Target‐specific outgrowth from human mesencephalic tissue grafted to cortex or ventricle of immunosuppressed rats

Abstract
Human fetal mesencephalic tissue was grafted to rats with unilateral lesions of the nigrostriatal pathway. The animals were immunosuppressed with cyclosporine A. Grafts were placed either into the lateral ventricle ipsilateral to the lesion or in the cingulate cortex above corpus callosum. The grafts and newly formed fibers were visualized by immunohistochemistry with antibodies against tyrosine hydroxylase (TH) and the human Thy‐1 glycoprotein. TH‐positive fibers covered the total volume of striatum when the graft was placed either in the ventricle or in the cortex. When the transplant was located in the ventricle, TH‐positive cells migrated from the graft into host striatum. No cell migration was seen into any other areas than striatum. Cortex and septum were sparsely reinnervated by the graft, but not to a density higher than that normally seen. Globus pallidus was totally devoid of TH‐positive fibers.

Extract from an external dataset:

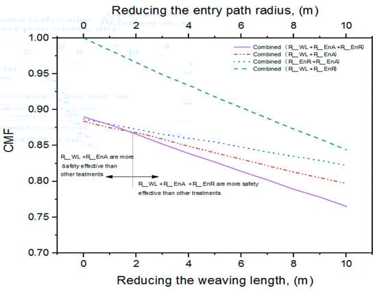 Combined CMFs for weaving length, entry path radius, and entry angle treatments (using severe crashes). (In this figure, the entry angle treatment is adopted as an entry angle reduction of 5°).
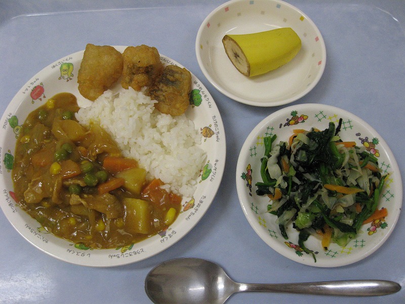 6月6日(月) 給食 ・カレーライス ・白身魚フリッター ・ほうれん草のいそべあえ ・バナナ

When the graft was placed in cingulate cortex, fiber bundles penetrated through corpus callosum into either striatum, to arborize in its dorsal parts, or followed the medial side of the lateral ventricle to ventral limbic areas, where a fiber network also was formed. Human specific Thy‐1‐immunohistochemistry revealed positivity only on the lesioned side. These data suggest that dopamine neurons in human mesencephalic tissue, grafted to the rat brain, can migrate specifically into host striatum. Furthermore, TH‐positive fiber outgrowth occurred only into dopamine denervated areas of the host, avoiding areas that are normally not innervated by nigral neurons, but also able to reach distant target cells.